Dataset entries:
——

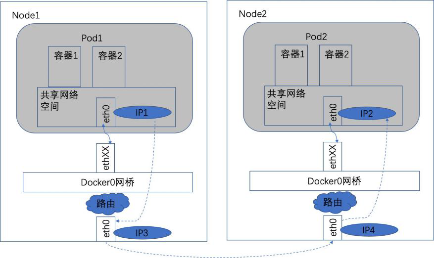 每一个Pod都有一个真实的全局IP地址,同一个Node内的不同Pod之间可以直接采用对方Pod的IP地址通信,而不需要使用其他发现机制,例如DNS、Consul或者etcd。Pod既有可能在同一个Node上运行,也有可能在不用的Node上运行,所以通信也分为两类:同一个Node内的Pod之间的通信和不同Node上的Pod之间的通信。
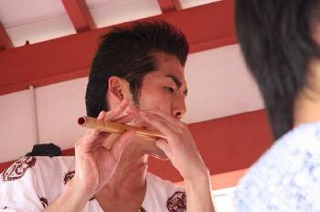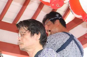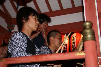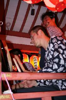 和泉地囃子保存会長の大胴に乗って 中付けを叩く辰則 |
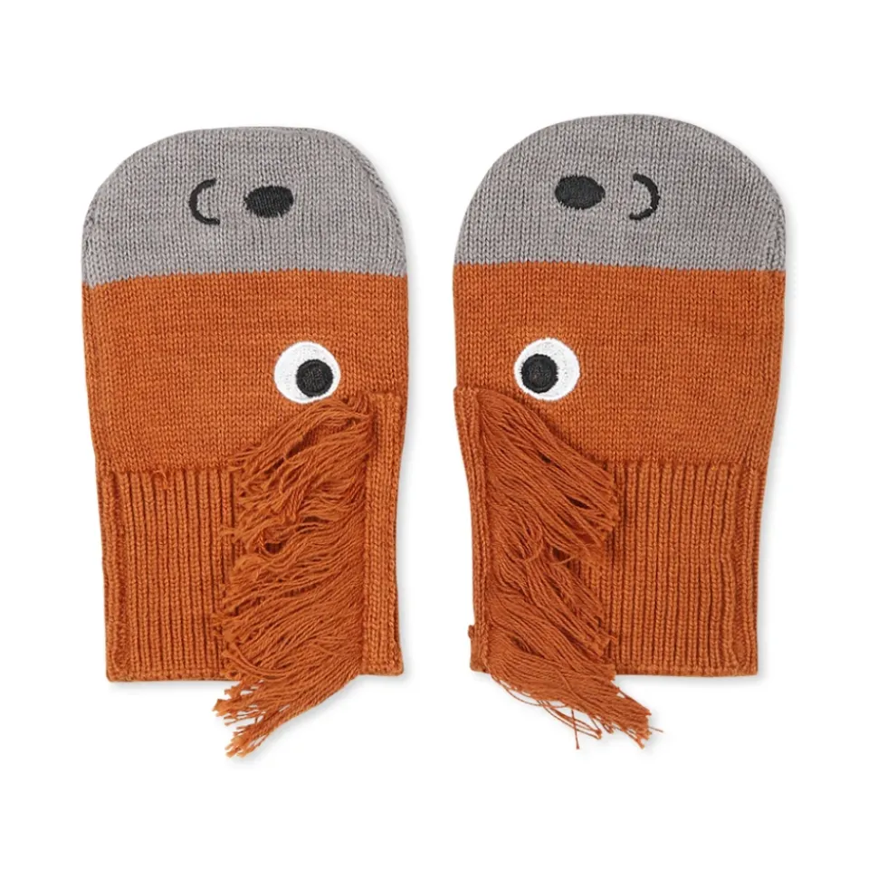 Voeg een vleugje fantasie toe aan de wintergarderobe van je kleintje met deze bruine paardvormige wanten van Stella McCartney. Gemaakt van een katoenmix, ze hebben een geribbelde zoom, franje aan de bovenkant en geborduurde ogen. Gemaakt van 95% katoen en 5% wol, deze wanten zijn machinewasbaar op 30°C.
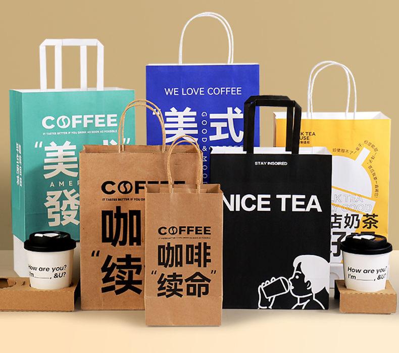 Bolsa de papel kraft bolsa de papel bolsa de papel personalizada bolsa de embalaje en stock venta al por mayor para llevar té de leche café regalo comida
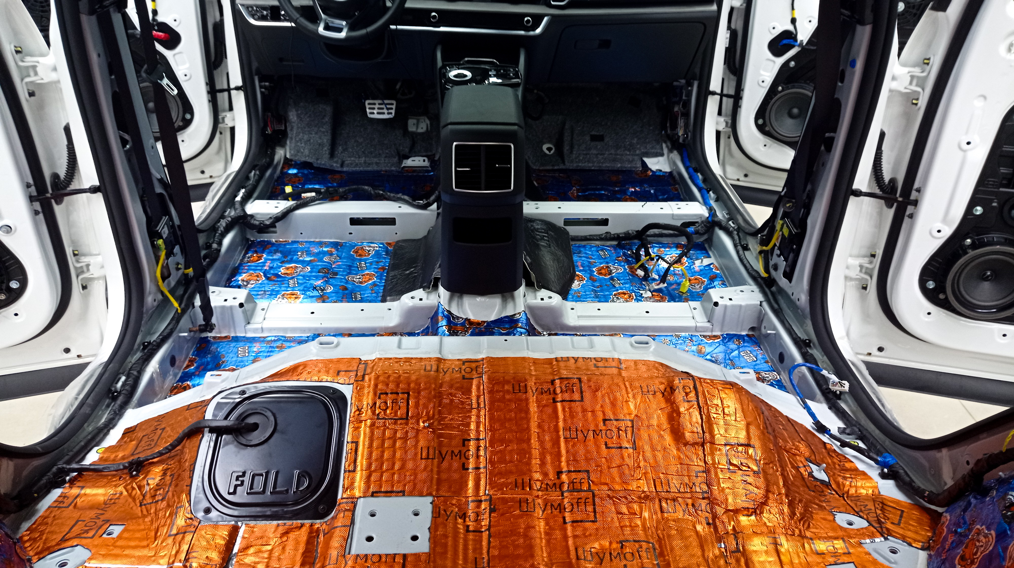 Пол от моторной перегородки и до заднего сиденья оклеивается толстой виброизоляцией Шумофф Super Jack. Под заднее сиденье клеится виброизоляция Шумофф Black Jack.
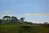 - La Halte, 1877. Ce tableau représente deux cavaliers faisant halte devant l'alignement de maisons où se trouvait une auberge et la chapelle — de nos jours disparues — du Petit-Guélen en Ergué-Armel[6] ;
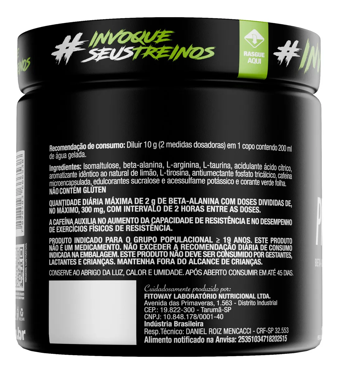 Acesulfame de potássio, Acidulante ácido cítrico, Alanina, Antiumectante fosfato tricálcico, Arginina, Cafeína, Adoçante de sucralose, Taurina |

——

Work instruction:
Could each line of the data be written out exactly, with no pictures included?

Reply to the task:
 每一个Pod都有一个真实的全局IP地址,同一个Node内的不同Pod之间可以直接采用对方Pod的IP地址通信,而不需要使用其他发现机制,例如DNS、Consul或者etcd。Pod既有可能在同一个Node上运行,也有可能在不用的Node上运行,所以通信也分为两类:同一个Node内的Pod之间的通信和不同Node上的Pod之间的通信。
 和泉地囃子保存会長の大胴に乗って 中付けを叩く辰則 |
 Voeg een vleugje fantasie toe aan de wintergarderobe van je kleintje met deze bruine paardvormige wanten van Stella McCartney. Gemaakt van een katoenmix, ze hebben een geribbelde zoom, franje aan de bovenkant en geborduurde ogen. Gemaakt van 95% katoen en 5% wol, deze wanten zijn machinewasbaar op 30°C.
 Bolsa de papel kraft bolsa de papel bolsa de papel personalizada bolsa de embalaje en stock venta al por mayor para llevar té de leche café regalo comida
 Пол от моторной перегородки и до заднего сиденья оклеивается толстой виброизоляцией Шумофф Super Jack. Под заднее сиденье клеится виброизоляция Шумофф Black Jack.
 - La Halte, 1877. Ce tableau représente deux cavaliers faisant halte devant l'alignement de maisons où se trouvait une auberge et la chapelle — de nos jours disparues — du Petit-Guélen en Ergué-Armel[6] ;
 Acesulfame de potássio, Acidulante ácido cítrico, Alanina, Antiumectante fosfato tricálcico, Arginina, Cafeína, Adoçante de sucralose, Taurina |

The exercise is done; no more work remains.